For this exercise, copy exactly the lines below from the one with "속 휴식처인 승기천을" through the one with "おおきくなあれ、おいしくなあれ 水やりお当番頑張ります! |" and leave out the pictures.

◆ Dataset records ◆
___
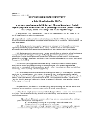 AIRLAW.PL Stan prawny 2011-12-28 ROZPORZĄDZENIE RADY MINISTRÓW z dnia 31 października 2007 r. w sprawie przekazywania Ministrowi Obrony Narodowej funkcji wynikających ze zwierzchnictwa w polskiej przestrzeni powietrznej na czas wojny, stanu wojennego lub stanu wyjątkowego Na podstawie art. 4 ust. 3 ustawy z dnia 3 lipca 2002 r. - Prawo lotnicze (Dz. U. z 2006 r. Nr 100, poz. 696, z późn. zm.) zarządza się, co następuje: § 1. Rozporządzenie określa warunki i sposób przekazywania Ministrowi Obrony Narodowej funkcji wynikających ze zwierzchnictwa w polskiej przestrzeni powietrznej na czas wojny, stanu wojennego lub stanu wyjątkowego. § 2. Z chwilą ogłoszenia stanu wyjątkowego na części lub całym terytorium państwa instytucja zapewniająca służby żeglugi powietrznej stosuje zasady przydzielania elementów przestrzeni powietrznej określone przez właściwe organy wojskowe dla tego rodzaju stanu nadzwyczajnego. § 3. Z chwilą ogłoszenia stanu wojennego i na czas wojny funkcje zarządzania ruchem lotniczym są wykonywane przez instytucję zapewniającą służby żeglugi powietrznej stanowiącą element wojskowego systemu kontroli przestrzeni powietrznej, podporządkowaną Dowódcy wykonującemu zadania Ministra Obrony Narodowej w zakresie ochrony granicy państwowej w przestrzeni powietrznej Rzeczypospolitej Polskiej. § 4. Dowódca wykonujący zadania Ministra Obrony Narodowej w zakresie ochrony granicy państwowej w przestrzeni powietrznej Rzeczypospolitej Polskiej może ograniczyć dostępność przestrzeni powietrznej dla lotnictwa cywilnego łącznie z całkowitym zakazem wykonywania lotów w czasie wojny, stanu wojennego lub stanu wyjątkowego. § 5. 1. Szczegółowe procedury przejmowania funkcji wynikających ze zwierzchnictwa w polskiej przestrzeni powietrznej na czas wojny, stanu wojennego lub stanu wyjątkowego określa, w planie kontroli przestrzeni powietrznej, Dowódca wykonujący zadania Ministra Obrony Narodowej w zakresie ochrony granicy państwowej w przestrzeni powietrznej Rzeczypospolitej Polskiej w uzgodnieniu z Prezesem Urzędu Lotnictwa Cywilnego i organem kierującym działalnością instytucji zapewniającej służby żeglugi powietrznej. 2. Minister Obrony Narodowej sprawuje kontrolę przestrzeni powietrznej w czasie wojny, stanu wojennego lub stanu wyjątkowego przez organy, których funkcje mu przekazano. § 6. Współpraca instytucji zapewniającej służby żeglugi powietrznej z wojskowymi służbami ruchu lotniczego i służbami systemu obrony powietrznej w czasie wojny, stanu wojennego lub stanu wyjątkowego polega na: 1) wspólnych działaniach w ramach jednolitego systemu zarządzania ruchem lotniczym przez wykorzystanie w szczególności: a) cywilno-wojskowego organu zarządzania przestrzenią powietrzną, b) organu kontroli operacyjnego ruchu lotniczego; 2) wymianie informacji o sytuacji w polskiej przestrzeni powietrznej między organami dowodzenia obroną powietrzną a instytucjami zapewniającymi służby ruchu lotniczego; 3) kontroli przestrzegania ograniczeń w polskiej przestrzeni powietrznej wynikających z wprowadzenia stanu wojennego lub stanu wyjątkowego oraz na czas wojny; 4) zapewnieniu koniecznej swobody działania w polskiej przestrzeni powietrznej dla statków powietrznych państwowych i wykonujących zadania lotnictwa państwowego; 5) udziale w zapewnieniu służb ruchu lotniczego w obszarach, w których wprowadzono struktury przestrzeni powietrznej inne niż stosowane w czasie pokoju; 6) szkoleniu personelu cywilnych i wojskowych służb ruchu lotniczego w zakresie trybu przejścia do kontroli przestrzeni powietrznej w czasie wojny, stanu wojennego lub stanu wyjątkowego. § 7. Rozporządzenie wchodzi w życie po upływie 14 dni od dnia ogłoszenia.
___
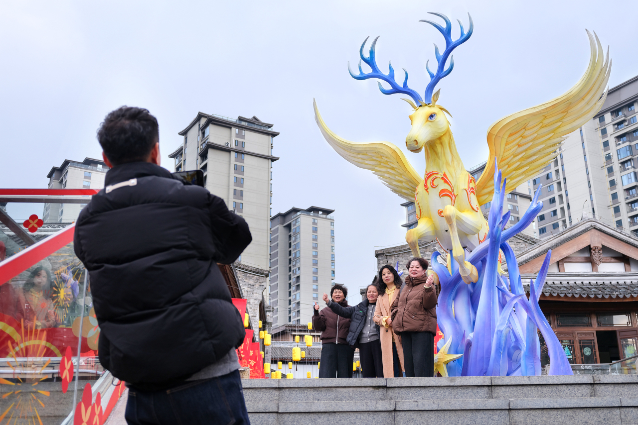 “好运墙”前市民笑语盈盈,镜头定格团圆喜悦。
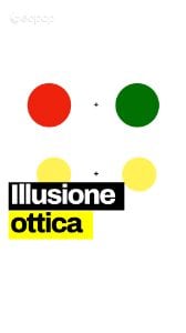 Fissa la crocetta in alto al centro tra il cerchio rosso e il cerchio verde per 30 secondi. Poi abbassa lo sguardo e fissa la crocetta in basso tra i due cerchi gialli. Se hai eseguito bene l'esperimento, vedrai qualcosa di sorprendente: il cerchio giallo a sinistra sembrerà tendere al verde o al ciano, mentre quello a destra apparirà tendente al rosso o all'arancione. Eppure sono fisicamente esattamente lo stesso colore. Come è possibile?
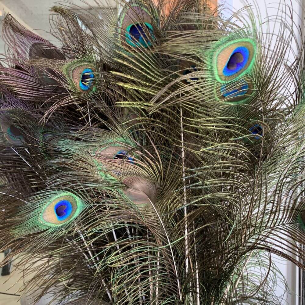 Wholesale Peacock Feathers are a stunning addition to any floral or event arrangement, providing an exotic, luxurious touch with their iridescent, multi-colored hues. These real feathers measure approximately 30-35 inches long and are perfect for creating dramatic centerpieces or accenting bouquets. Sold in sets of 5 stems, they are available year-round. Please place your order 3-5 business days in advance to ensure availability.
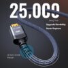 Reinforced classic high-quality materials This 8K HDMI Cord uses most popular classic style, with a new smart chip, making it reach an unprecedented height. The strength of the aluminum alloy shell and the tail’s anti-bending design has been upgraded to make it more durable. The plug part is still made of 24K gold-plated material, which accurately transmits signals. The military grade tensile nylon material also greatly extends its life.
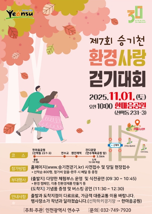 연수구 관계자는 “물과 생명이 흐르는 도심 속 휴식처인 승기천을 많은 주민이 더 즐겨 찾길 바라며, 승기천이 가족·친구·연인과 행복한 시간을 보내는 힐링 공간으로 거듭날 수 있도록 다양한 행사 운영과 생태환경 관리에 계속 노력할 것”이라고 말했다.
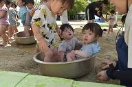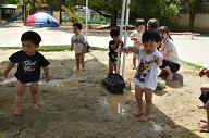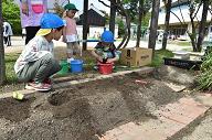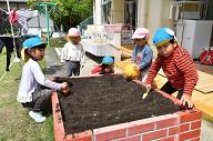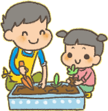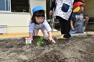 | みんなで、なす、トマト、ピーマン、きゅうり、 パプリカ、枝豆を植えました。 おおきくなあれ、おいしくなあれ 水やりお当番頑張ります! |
___
◆ Expected output ◆
 연수구 관계자는 “물과 생명이 흐르는 도심 속 휴식처인 승기천을 많은 주민이 더 즐겨 찾길 바라며, 승기천이 가족·친구·연인과 행복한 시간을 보내는 힐링 공간으로 거듭날 수 있도록 다양한 행사 운영과 생태환경 관리에 계속 노력할 것”이라고 말했다.
 | みんなで、なす、トマト、ピーマン、きゅうり、 パプリカ、枝豆を植えました。 おおきくなあれ、おいしくなあれ 水やりお当番頑張ります! |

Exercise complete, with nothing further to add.